Righteous Dominion
December 09th, 2019 by Patrick Henry
Righteous dominion is power + love.
Power + Love.
This is the formula. This is the insight I had.
Both are necessary.
***
Men among the Saints work for the love but flee from the power. They practice unrighteous dominion because of it. That’s the irony. They maintain their power just because of their ordination.
Oops. “No power or influence can or ought to be maintained by virtue of the priesthood.”
They think that ordination=authority=power.
The ordination makes your power legitimate and loving. It should not be the basis of your power. Imitate Christ.
Rozy
December 9, 2019
Exactly! Those rotten secular elites have a real problem with pride and relying on the arm of flesh to solve problems. They are like Lucifer who wanted to ensure that not one would be lost. I’m reminded of the line from Fiddler on the Roof–“May God bless and keep the [elites], . . . far away from us.”
Napoleon Bonaparte
December 9, 2019
I love power.
Vader
December 9, 2019
“Who ever became more loving at Harvard? Whose heart ever lit on fire working at Goldman Sachs?”
Mitt Romney, quite possibly.
Eric
December 9, 2019
Or, was Mitt more loving and had his heart lit on fire despite going to Harvard or working at Goldman Sachs?
Libcon
December 10, 2019
Clay Christensen was a seventy and was a very famous Havard professor. I’m certain many hundreds if not thousands learned to love more as a result of being there. Google How Will You Measure Your Life and you’ll get a glimpse through some youtube videos of the way he taught. Incidentally, he has a book you can read/listen to by the same title.
Bookslinger
December 10, 2019
The last phrase of the last verse of Sec 121 has a key thing: “… and without compulsory means it [dominion] shall flow unto thee …”
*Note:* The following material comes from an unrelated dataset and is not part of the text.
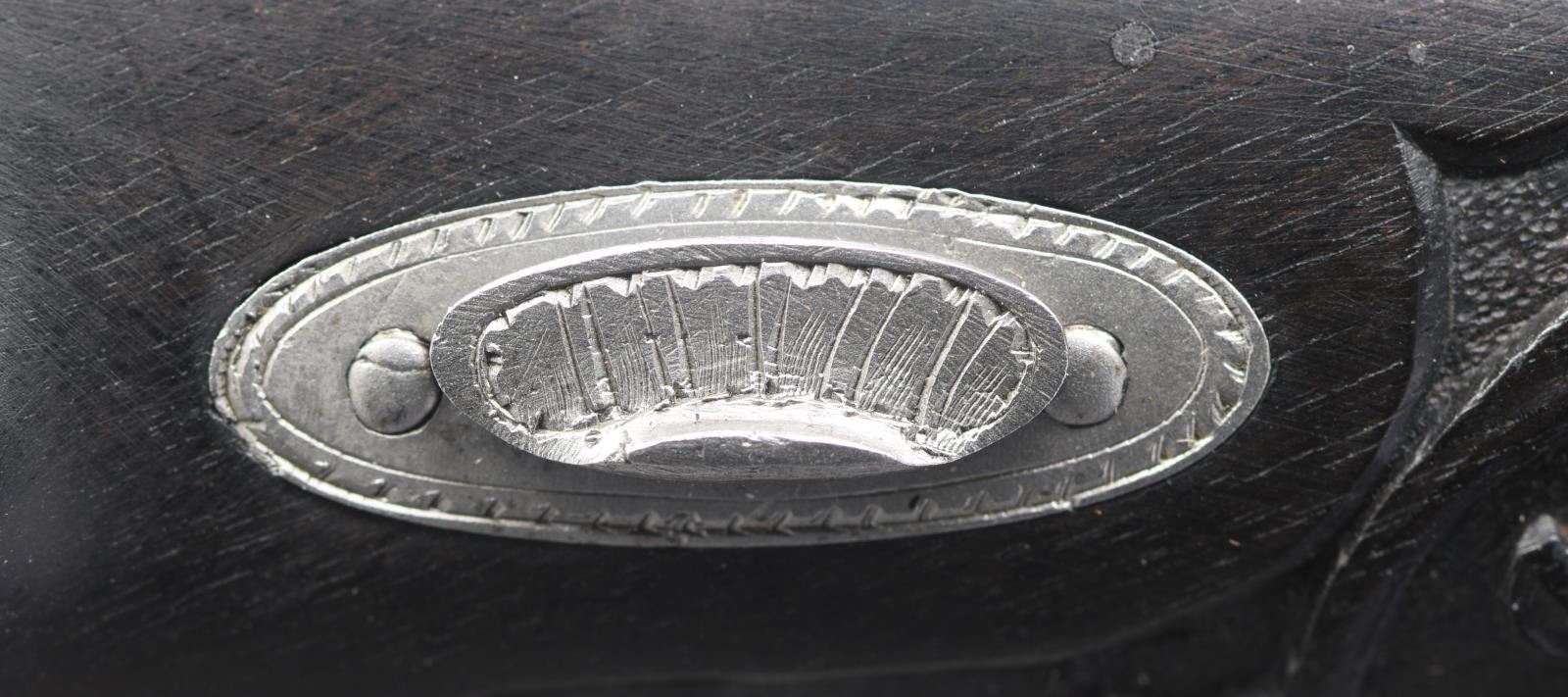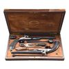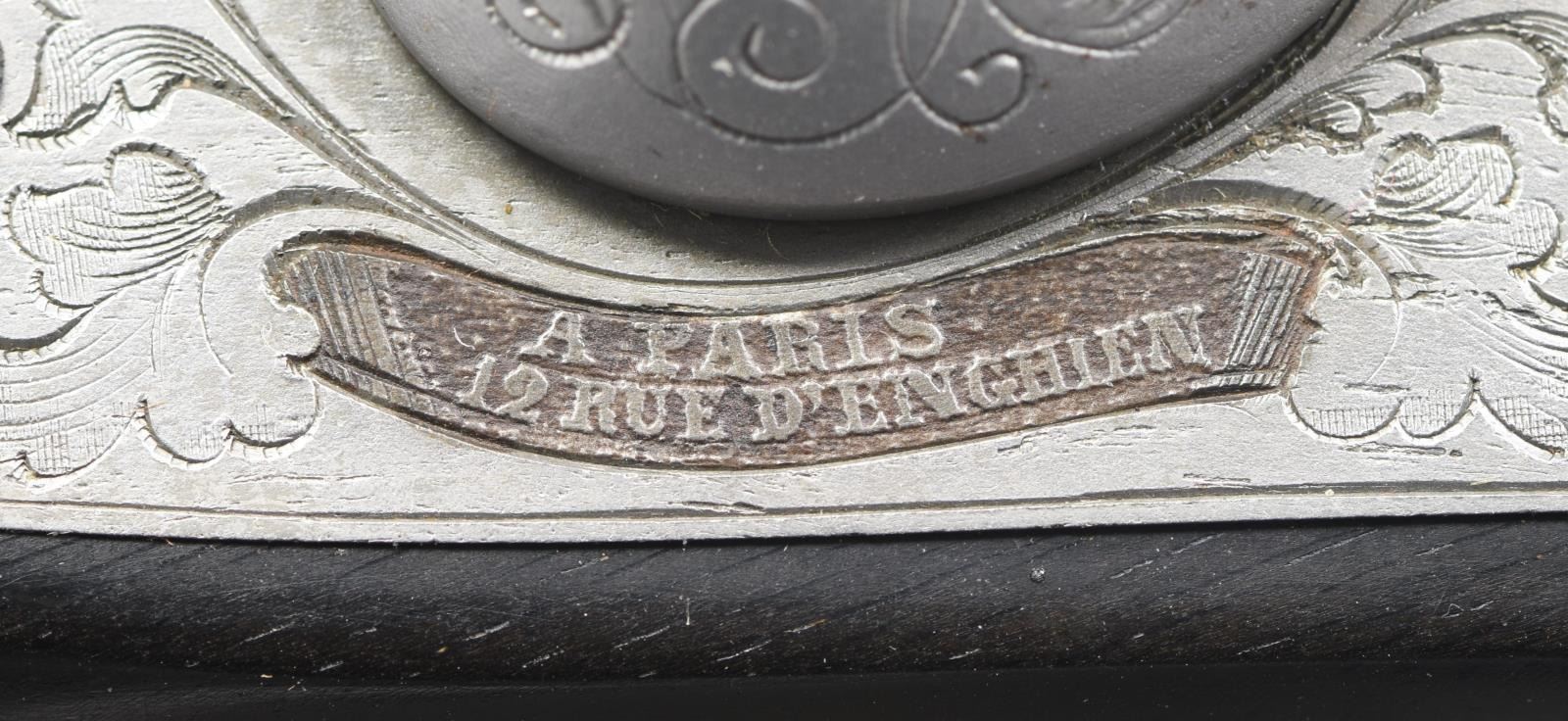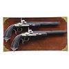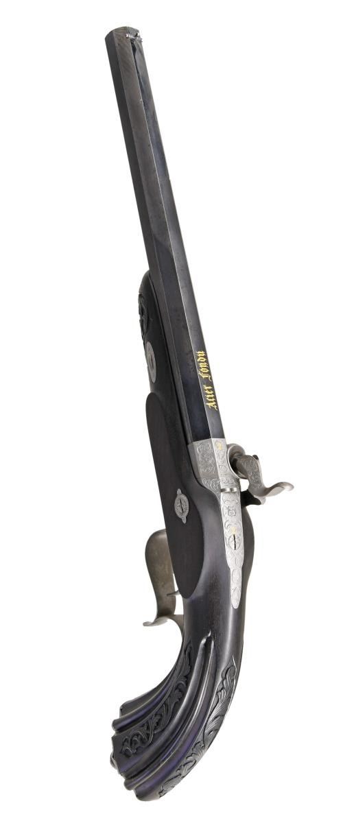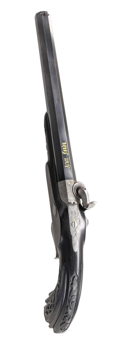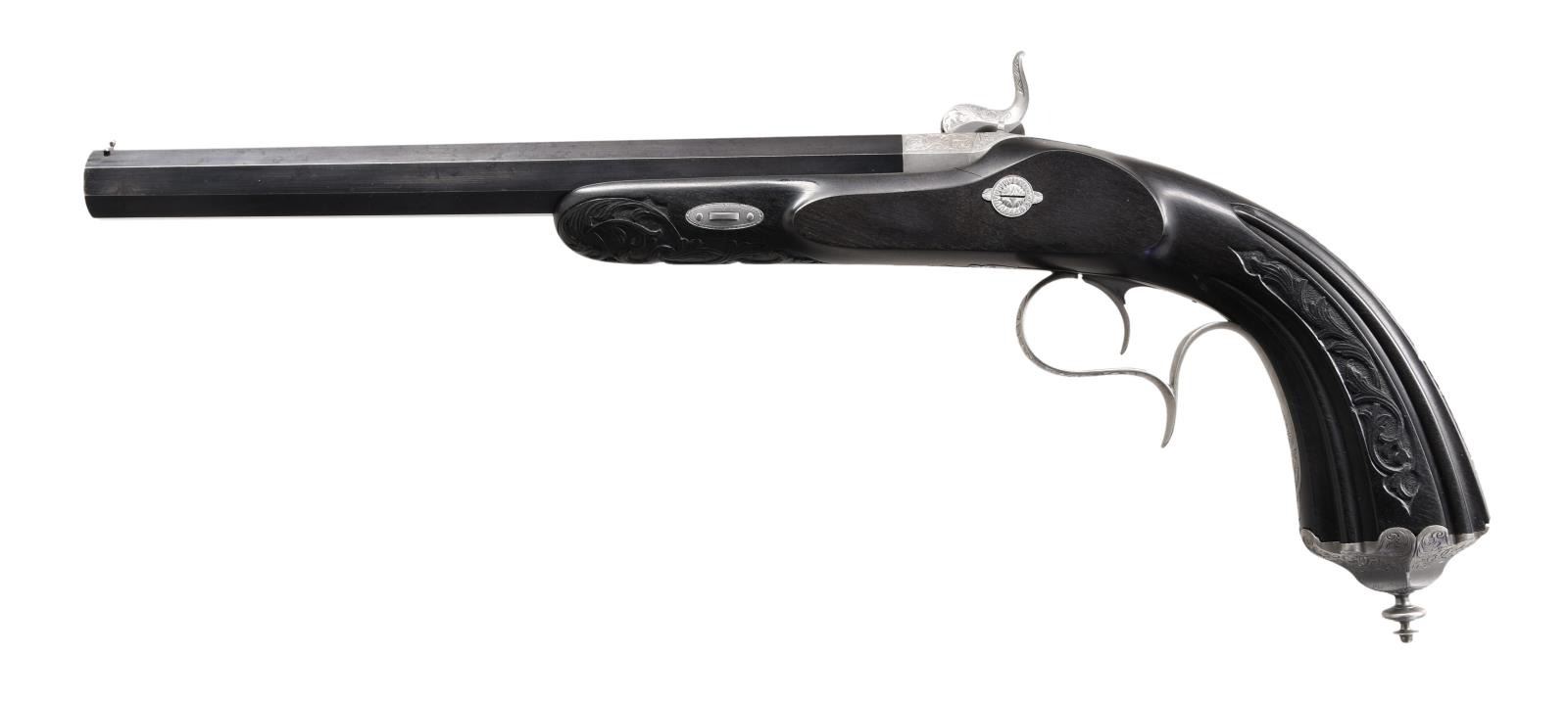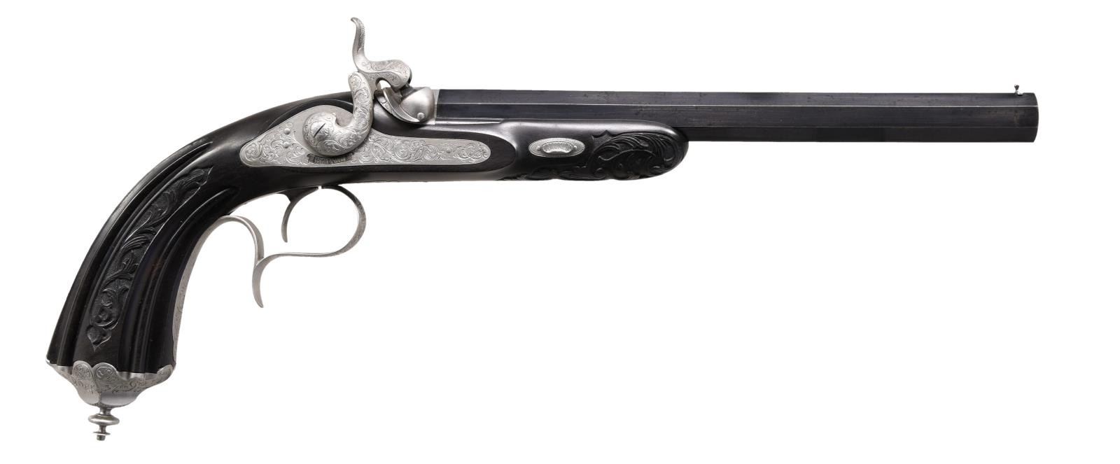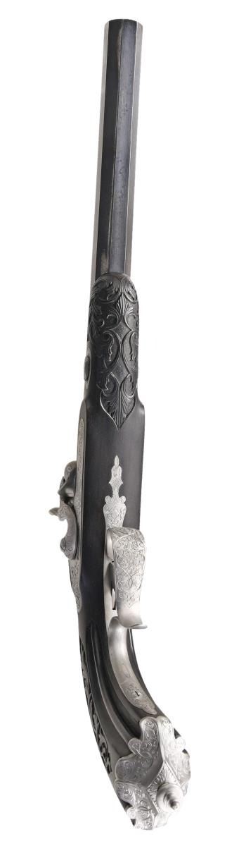 Cal. 50. NSN. Bbls. 10" octagon. Bead front sights & fixed V notch rear sights. Top flats are gold marked "Acier Fondu". Breech end of bbls. & top tangs are marked in gold "1" or "2". Island locks. Locks, hammers, breech plug, top tangs, ornate butt caps & fancy finial trigger guards have generous coverage of vine type foliate scroll hand engraving. Bbls. have finely polished blue finish. Other metal parts have French Gray finish. Wedge fastened ebony stocks w/ deeply fluted grip sections. Flats of grip section & forearm tips have deep relief foliate carving. Overall length is 15 1/2". WEIGHT: 2 lbs, 3 oz. UNATTACHED ACCESSORIES: original wood casing w/ brass trim. Inside lid is marked "FABRIQUE de LEPAGE Feres. / LIEGE miason a Paris / 12, RUE D'ENGHIEN". Red cloth cover fitted interior. Ebony accessories include cleaning rod, ramrod, mallet, rd ball box & ebony handled nipple wrench. Also included is 2 cavity bullet mold, powder flask, cap tin, glass oil bottle & retailer tag. Case interior has largely faded from red to beige. CONDITION: both pistols retain over 90% bbl. blue showing light edge wear w/ scattered spots of freckling. Other metal parts retain a very good French Gray finish. Ebony stocks are in near excellent condition. Sound locks. Bores retain strong rifling showing a slightly frosted appearance. PROVENANCE: The Collection of Edward Scott Meadows. (01-24709/DS). ANTIQUE. $5,000-8,000.

The surrounding words, “everlasting” and “forever and ever,” at first distracted me into thinking that particular phrase describes something in the future, because we haven’t arrived at “forever and ever” yet.
But I have since realized that that final passage describes the _nature_ of how righteous dominion, or influence, operates. That it is the same now as it will be in the future.
And that is, it _flows unto thee_. And without compulsion, meaning it is _voluntary_.
Your dominion, that is your influence, is given to you voluntarily from people who _want_ you to be their influence.
_Why_ do they want to be under your influence? Because they see you exhibit all those righteous/godly things in verses 41 through 45. (There are obvious exceptions concerning agency, of course.)